■ **RECORDS PROVIDED**:
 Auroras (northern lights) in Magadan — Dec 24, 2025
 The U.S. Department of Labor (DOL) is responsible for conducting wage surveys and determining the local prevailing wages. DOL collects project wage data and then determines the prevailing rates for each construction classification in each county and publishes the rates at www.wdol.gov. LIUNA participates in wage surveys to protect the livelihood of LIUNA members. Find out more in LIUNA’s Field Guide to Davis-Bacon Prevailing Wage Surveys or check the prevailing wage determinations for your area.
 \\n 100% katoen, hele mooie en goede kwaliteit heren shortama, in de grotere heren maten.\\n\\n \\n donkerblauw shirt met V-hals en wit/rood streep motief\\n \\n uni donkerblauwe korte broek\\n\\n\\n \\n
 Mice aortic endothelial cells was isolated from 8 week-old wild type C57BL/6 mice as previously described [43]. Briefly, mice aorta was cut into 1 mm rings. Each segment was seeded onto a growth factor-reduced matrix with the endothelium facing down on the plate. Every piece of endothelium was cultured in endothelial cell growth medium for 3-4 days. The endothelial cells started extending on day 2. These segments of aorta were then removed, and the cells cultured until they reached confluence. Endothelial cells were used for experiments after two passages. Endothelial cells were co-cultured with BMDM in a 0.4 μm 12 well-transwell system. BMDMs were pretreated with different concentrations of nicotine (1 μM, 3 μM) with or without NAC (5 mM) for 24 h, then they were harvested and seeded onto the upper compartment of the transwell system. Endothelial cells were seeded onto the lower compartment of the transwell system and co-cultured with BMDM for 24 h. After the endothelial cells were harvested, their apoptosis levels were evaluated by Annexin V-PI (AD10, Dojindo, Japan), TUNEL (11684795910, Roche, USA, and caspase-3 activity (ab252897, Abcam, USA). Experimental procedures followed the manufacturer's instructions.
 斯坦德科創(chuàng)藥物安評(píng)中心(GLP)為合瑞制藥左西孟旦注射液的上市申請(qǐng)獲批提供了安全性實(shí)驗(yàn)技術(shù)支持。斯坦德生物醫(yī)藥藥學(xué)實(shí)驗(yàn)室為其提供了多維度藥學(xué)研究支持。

--

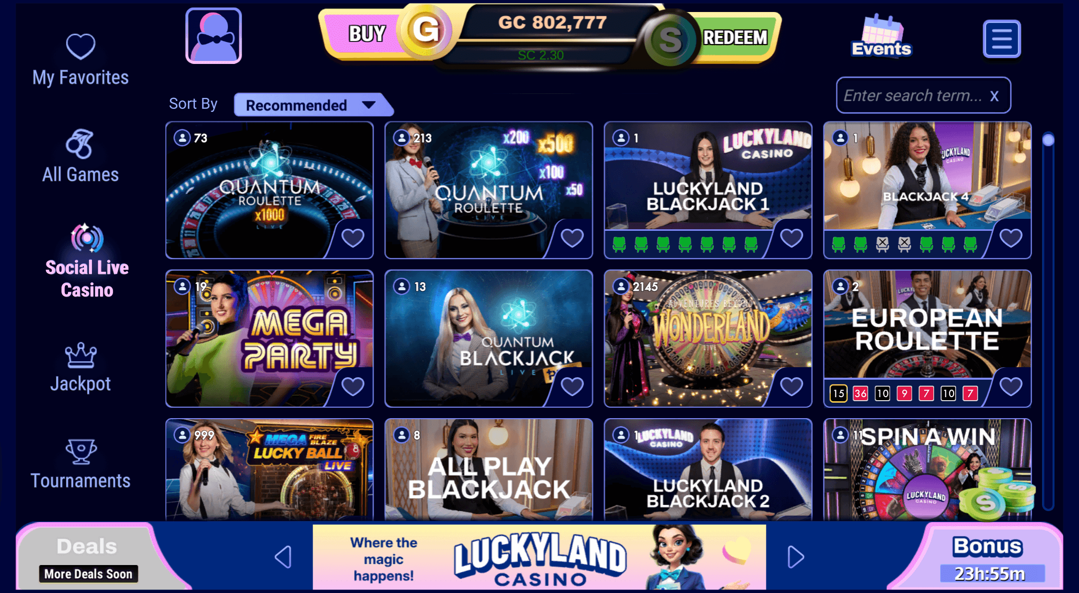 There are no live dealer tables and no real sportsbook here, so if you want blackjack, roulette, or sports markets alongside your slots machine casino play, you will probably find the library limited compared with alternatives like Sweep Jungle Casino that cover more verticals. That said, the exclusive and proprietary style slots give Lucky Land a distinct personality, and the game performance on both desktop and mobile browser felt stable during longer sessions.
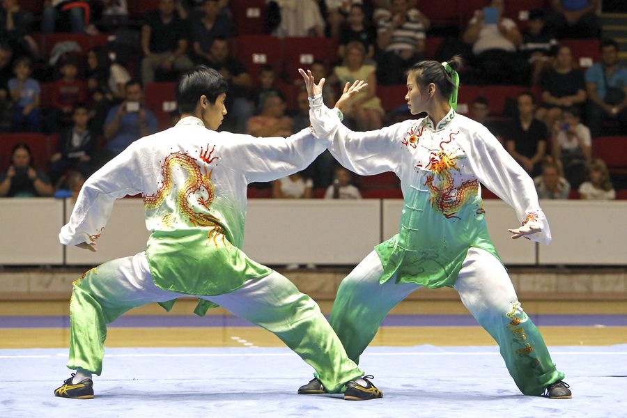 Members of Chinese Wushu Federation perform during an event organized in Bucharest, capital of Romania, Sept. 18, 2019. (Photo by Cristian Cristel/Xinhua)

■ **EXERCISE AIM**: Some lines above contain the word "then". Copy each of them.

■ **TASK RESPONSE**:
 The U.S. Department of Labor (DOL) is responsible for conducting wage surveys and determining the local prevailing wages. DOL collects project wage data and then determines the prevailing rates for each construction classification in each county and publishes the rates at www.wdol.gov. LIUNA participates in wage surveys to protect the livelihood of LIUNA members. Find out more in LIUNA’s Field Guide to Davis-Bacon Prevailing Wage Surveys or check the prevailing wage determinations for your area.
 Mice aortic endothelial cells was isolated from 8 week-old wild type C57BL/6 mice as previously described [43]. Briefly, mice aorta was cut into 1 mm rings. Each segment was seeded onto a growth factor-reduced matrix with the endothelium facing down on the plate. Every piece of endothelium was cultured in endothelial cell growth medium for 3-4 days. The endothelial cells started extending on day 2. These segments of aorta were then removed, and the cells cultured until they reached confluence. Endothelial cells were used for experiments after two passages. Endothelial cells were co-cultured with BMDM in a 0.4 μm 12 well-transwell system. BMDMs were pretreated with different concentrations of nicotine (1 μM, 3 μM) with or without NAC (5 mM) for 24 h, then they were harvested and seeded onto the upper compartment of the transwell system. Endothelial cells were seeded onto the lower compartment of the transwell system and co-cultured with BMDM for 24 h. After the endothelial cells were harvested, their apoptosis levels were evaluated by Annexin V-PI (AD10, Dojindo, Japan), TUNEL (11684795910, Roche, USA, and caspase-3 activity (ab252897, Abcam, USA). Experimental procedures followed the manufacturer's instructions.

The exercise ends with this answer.